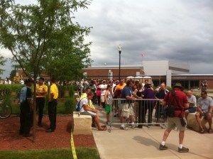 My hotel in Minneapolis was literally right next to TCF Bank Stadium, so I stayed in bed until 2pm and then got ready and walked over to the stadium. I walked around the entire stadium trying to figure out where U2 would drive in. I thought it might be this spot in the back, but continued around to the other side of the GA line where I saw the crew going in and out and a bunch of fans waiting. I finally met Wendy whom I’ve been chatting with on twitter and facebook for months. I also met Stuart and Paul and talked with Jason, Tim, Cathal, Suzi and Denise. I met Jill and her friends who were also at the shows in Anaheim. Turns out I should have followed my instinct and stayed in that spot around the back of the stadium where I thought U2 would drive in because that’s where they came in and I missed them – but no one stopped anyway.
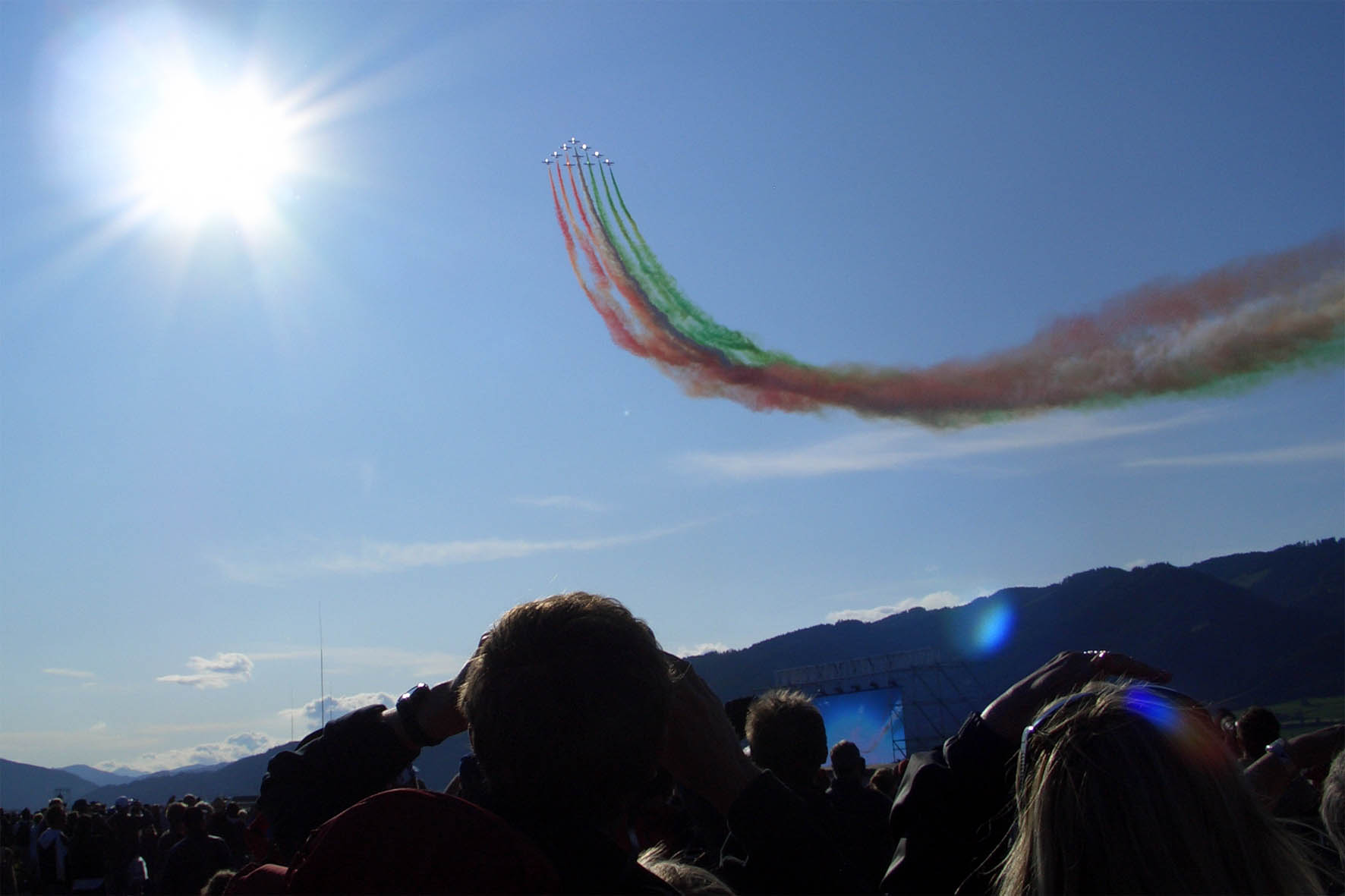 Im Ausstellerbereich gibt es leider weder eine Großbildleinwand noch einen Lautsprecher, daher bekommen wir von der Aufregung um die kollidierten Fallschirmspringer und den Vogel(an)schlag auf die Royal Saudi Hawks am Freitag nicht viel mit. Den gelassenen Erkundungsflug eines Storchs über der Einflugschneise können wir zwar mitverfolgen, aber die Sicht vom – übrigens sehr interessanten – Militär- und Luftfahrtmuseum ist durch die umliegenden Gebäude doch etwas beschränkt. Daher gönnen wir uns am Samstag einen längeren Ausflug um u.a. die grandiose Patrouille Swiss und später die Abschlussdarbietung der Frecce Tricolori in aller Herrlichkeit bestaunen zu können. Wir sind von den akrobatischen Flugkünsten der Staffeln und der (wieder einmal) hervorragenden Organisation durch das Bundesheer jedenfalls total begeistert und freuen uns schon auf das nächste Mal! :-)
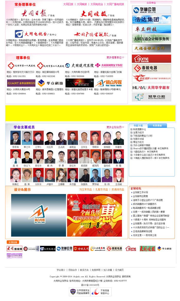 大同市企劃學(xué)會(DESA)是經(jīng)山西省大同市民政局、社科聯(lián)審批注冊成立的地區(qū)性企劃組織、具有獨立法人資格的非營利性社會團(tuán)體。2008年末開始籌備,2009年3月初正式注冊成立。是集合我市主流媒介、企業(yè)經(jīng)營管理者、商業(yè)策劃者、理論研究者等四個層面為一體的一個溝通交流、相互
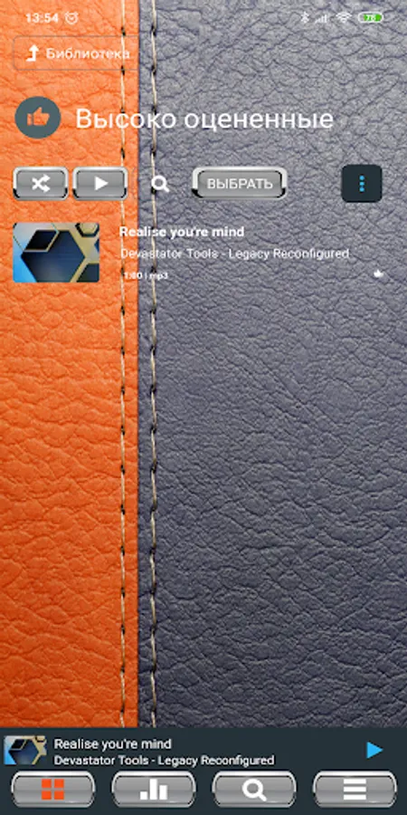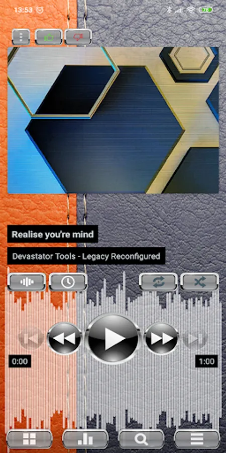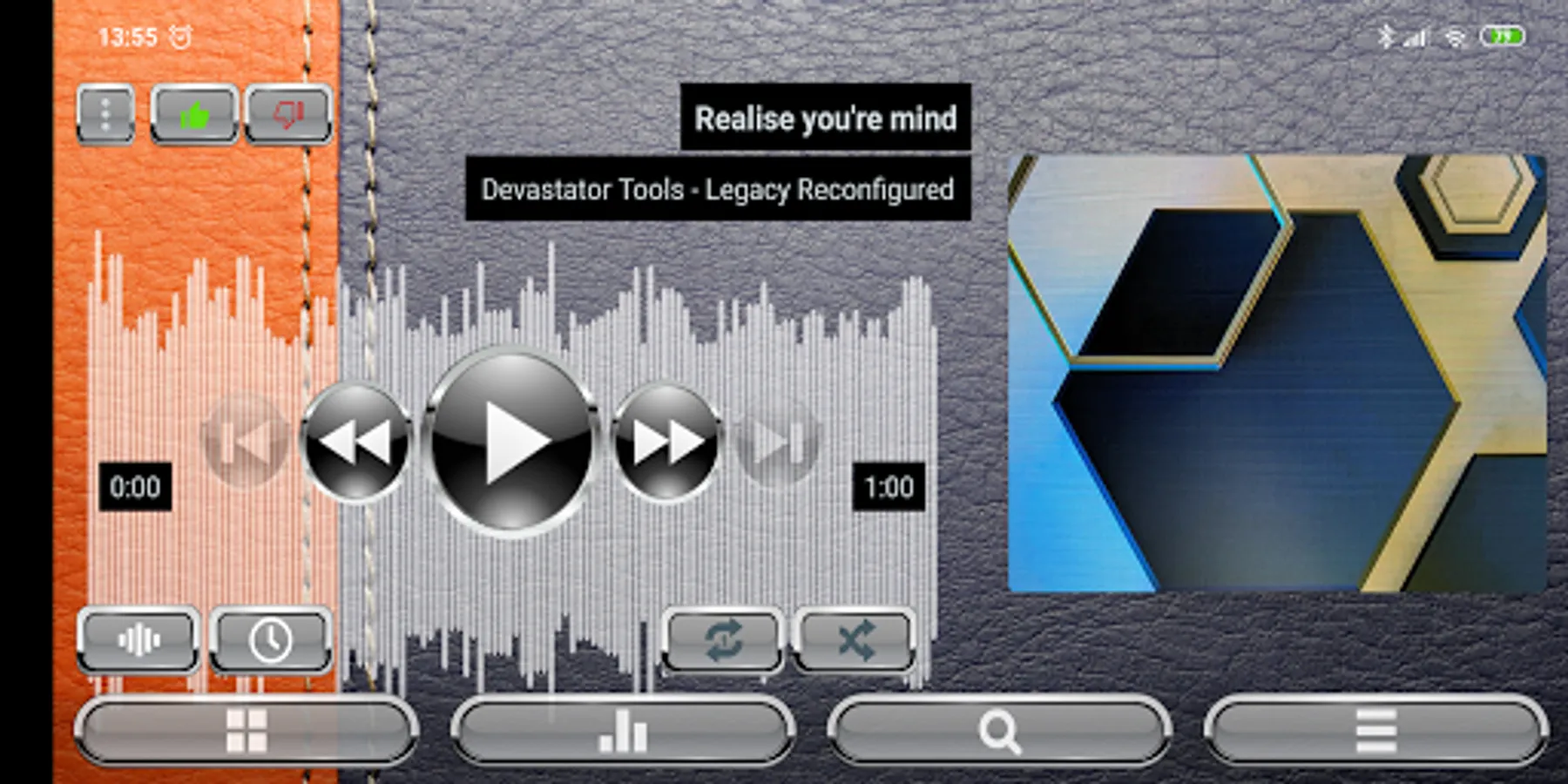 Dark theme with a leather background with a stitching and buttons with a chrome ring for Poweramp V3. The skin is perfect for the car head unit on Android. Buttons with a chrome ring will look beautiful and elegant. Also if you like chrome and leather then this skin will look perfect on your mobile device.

— WORK ORDER —
Set down the material above as is, without any pictures.

— ANSWER TO THE EXERCISE —
 My hotel in Minneapolis was literally right next to TCF Bank Stadium, so I stayed in bed until 2pm and then got ready and walked over to the stadium. I walked around the entire stadium trying to figure out where U2 would drive in. I thought it might be this spot in the back, but continued around to the other side of the GA line where I saw the crew going in and out and a bunch of fans waiting. I finally met Wendy whom I’ve been chatting with on twitter and facebook for months. I also met Stuart and Paul and talked with Jason, Tim, Cathal, Suzi and Denise. I met Jill and her friends who were also at the shows in Anaheim. Turns out I should have followed my instinct and stayed in that spot around the back of the stadium where I thought U2 would drive in because that’s where they came in and I missed them – but no one stopped anyway.
 Im Ausstellerbereich gibt es leider weder eine Großbildleinwand noch einen Lautsprecher, daher bekommen wir von der Aufregung um die kollidierten Fallschirmspringer und den Vogel(an)schlag auf die Royal Saudi Hawks am Freitag nicht viel mit. Den gelassenen Erkundungsflug eines Storchs über der Einflugschneise können wir zwar mitverfolgen, aber die Sicht vom – übrigens sehr interessanten – Militär- und Luftfahrtmuseum ist durch die umliegenden Gebäude doch etwas beschränkt. Daher gönnen wir uns am Samstag einen längeren Ausflug um u.a. die grandiose Patrouille Swiss und später die Abschlussdarbietung der Frecce Tricolori in aller Herrlichkeit bestaunen zu können. Wir sind von den akrobatischen Flugkünsten der Staffeln und der (wieder einmal) hervorragenden Organisation durch das Bundesheer jedenfalls total begeistert und freuen uns schon auf das nächste Mal! :-)
 大同市企劃學(xué)會(DESA)是經(jīng)山西省大同市民政局、社科聯(lián)審批注冊成立的地區(qū)性企劃組織、具有獨立法人資格的非營利性社會團(tuán)體。2008年末開始籌備,2009年3月初正式注冊成立。是集合我市主流媒介、企業(yè)經(jīng)營管理者、商業(yè)策劃者、理論研究者等四個層面為一體的一個溝通交流、相互
 Dark theme with a leather background with a stitching and buttons with a chrome ring for Poweramp V3. The skin is perfect for the car head unit on Android. Buttons with a chrome ring will look beautiful and elegant. Also if you like chrome and leather then this skin will look perfect on your mobile device.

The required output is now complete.